> Problem to solve: In the records below, find the line with "Com apenas 13", then copy each line exactly until you have copied the line with "This pair of". Leave any picture out.

> Record extracts:
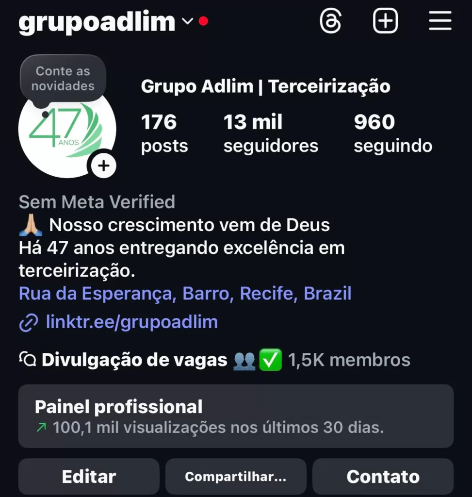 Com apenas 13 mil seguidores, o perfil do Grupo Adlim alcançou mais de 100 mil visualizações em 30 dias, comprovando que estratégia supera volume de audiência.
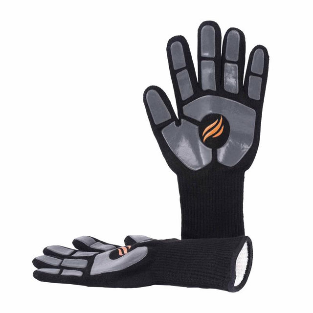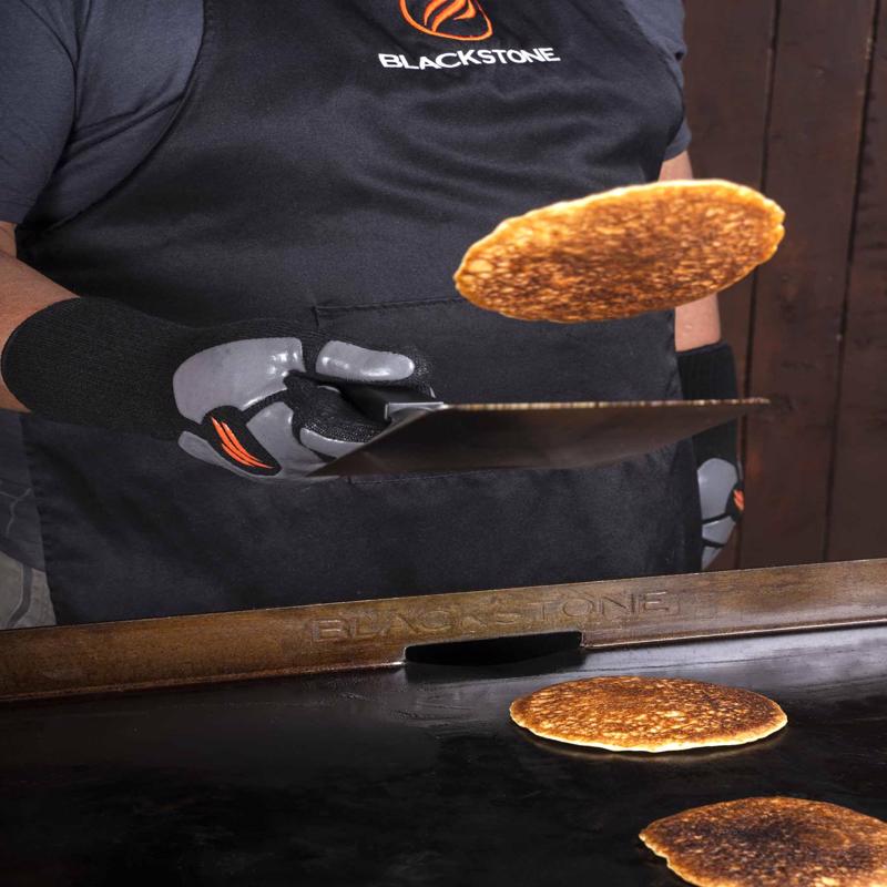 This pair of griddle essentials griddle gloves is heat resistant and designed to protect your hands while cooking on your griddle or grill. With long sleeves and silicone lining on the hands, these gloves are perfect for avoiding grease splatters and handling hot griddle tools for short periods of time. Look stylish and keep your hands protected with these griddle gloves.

==

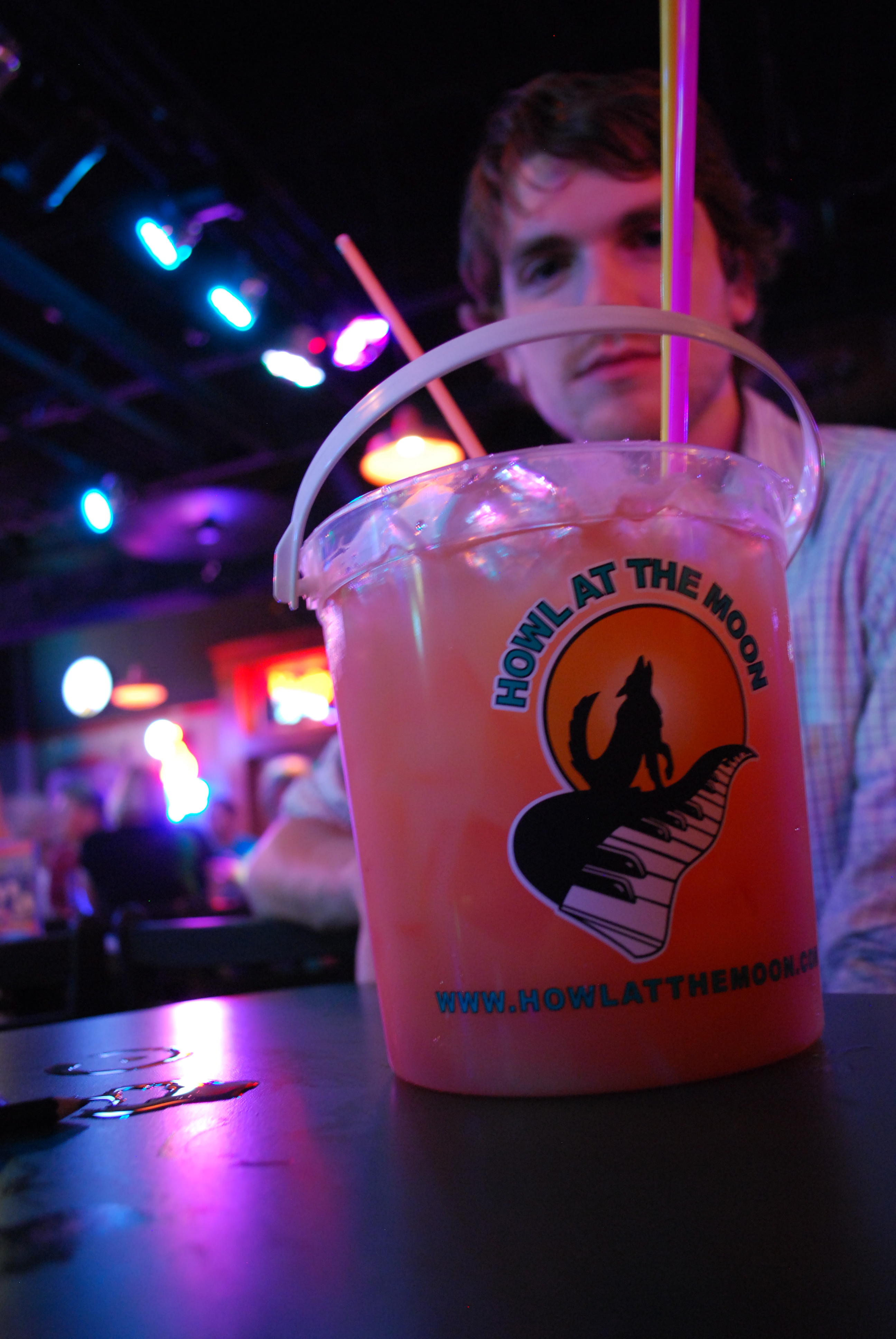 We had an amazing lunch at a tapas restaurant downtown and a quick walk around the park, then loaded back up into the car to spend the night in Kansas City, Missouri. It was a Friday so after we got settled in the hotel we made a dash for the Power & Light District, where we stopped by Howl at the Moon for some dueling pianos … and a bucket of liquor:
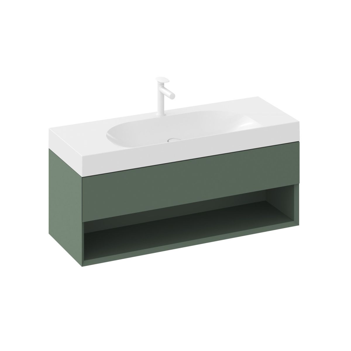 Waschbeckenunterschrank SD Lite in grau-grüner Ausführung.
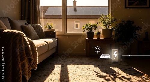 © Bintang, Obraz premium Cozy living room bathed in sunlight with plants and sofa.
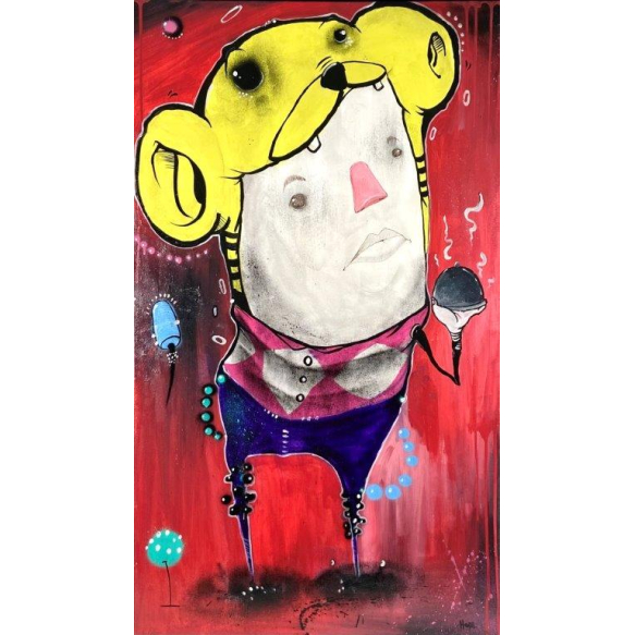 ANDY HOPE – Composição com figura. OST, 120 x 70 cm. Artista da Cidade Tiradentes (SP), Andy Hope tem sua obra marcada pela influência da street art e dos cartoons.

> Task response:
 Com apenas 13 mil seguidores, o perfil do Grupo Adlim alcançou mais de 100 mil visualizações em 30 dias, comprovando que estratégia supera volume de audiência.
 This pair of griddle essentials griddle gloves is heat resistant and designed to protect your hands while cooking on your griddle or grill. With long sleeves and silicone lining on the hands, these gloves are perfect for avoiding grease splatters and handling hot griddle tools for short periods of time. Look stylish and keep your hands protected with these griddle gloves.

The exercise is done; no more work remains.